Exercise brief → Restate word for word the entries below, starting at the line with "Fabricados com silicone" and ending at the line with "Clay Flower Pearl". Keep both end lines and omit the pictures.

Records for processing →
----------------

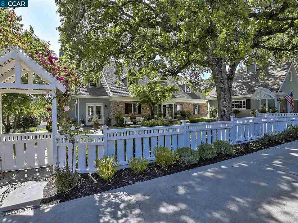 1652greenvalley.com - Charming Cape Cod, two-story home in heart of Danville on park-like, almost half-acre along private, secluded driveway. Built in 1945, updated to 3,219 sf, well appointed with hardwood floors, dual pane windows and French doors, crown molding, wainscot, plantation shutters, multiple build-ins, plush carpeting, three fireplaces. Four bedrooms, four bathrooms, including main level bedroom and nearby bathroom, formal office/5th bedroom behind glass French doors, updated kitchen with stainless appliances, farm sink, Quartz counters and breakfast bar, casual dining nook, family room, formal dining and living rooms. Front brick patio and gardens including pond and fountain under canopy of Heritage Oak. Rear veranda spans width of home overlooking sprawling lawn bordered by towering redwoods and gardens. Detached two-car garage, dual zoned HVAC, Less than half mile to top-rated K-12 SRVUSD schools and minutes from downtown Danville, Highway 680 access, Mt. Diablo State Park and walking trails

----------------

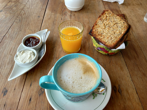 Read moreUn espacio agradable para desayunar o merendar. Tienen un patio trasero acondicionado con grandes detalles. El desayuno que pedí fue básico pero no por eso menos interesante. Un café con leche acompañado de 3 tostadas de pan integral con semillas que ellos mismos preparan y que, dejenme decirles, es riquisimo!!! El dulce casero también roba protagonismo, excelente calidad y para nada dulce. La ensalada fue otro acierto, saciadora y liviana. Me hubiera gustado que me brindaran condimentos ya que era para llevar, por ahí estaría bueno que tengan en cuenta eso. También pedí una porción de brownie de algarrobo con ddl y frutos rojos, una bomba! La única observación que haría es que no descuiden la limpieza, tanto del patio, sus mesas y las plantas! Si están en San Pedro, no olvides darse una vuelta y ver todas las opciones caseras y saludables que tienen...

----------------

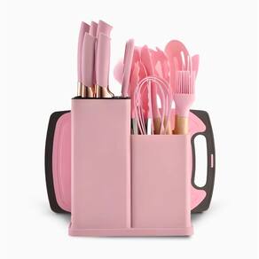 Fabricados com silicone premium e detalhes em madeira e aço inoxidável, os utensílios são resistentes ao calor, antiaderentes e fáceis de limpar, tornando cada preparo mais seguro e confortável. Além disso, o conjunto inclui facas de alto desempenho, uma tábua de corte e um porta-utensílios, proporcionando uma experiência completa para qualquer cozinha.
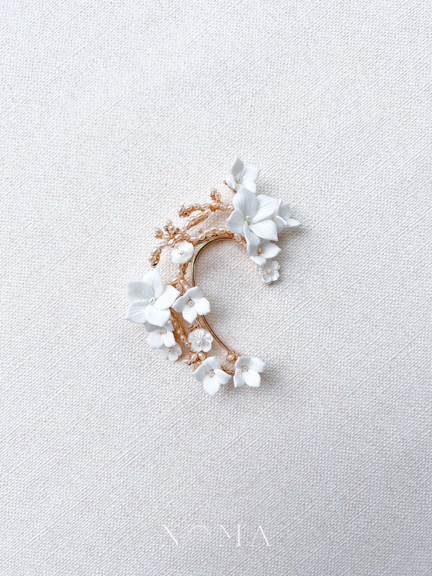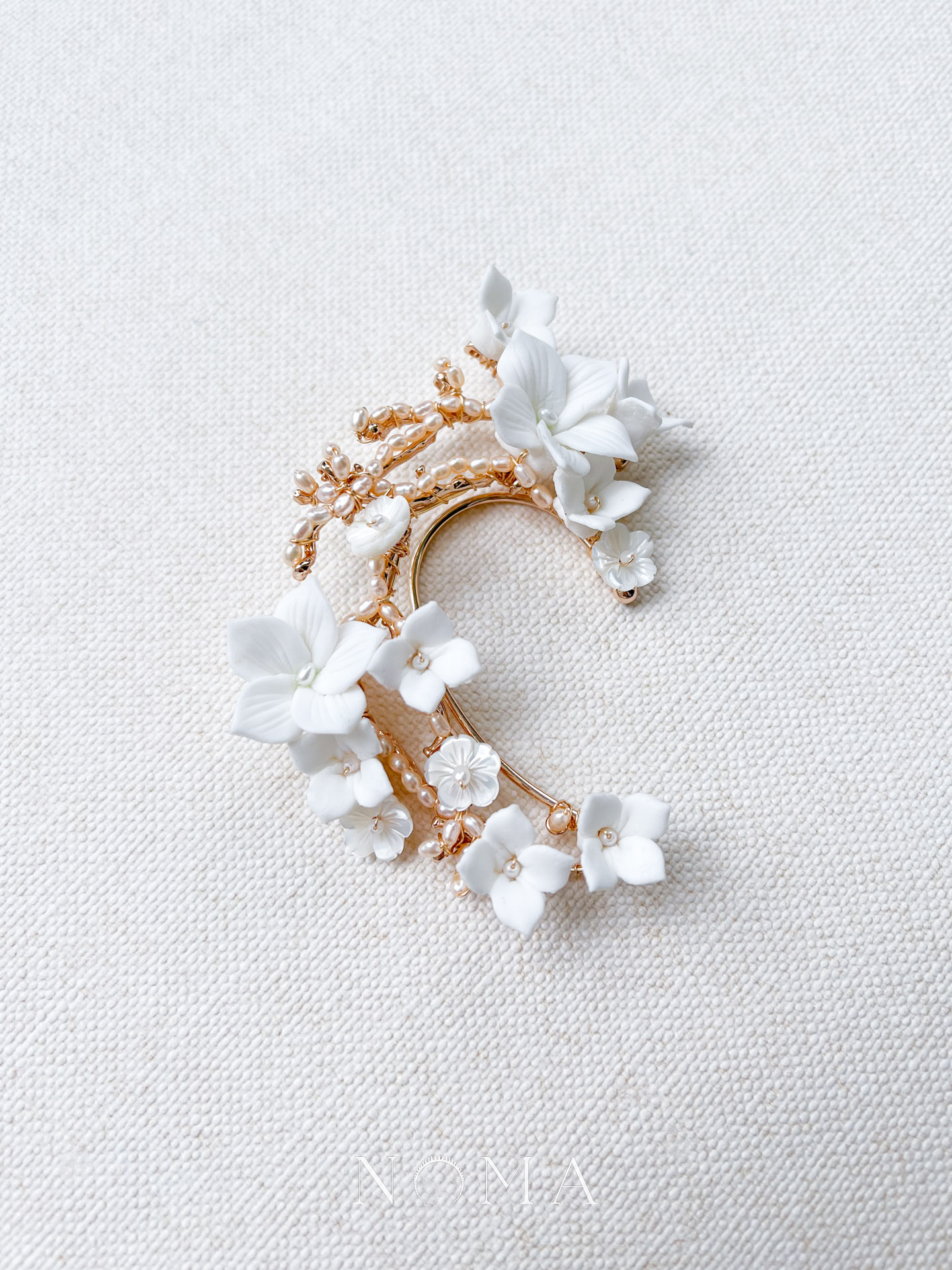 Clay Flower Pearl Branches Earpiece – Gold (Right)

----------------

Your solution →
 Fabricados com silicone premium e detalhes em madeira e aço inoxidável, os utensílios são resistentes ao calor, antiaderentes e fáceis de limpar, tornando cada preparo mais seguro e confortável. Além disso, o conjunto inclui facas de alto desempenho, uma tábua de corte e um porta-utensílios, proporcionando uma experiência completa para qualquer cozinha.
 Clay Flower Pearl Branches Earpiece – Gold (Right)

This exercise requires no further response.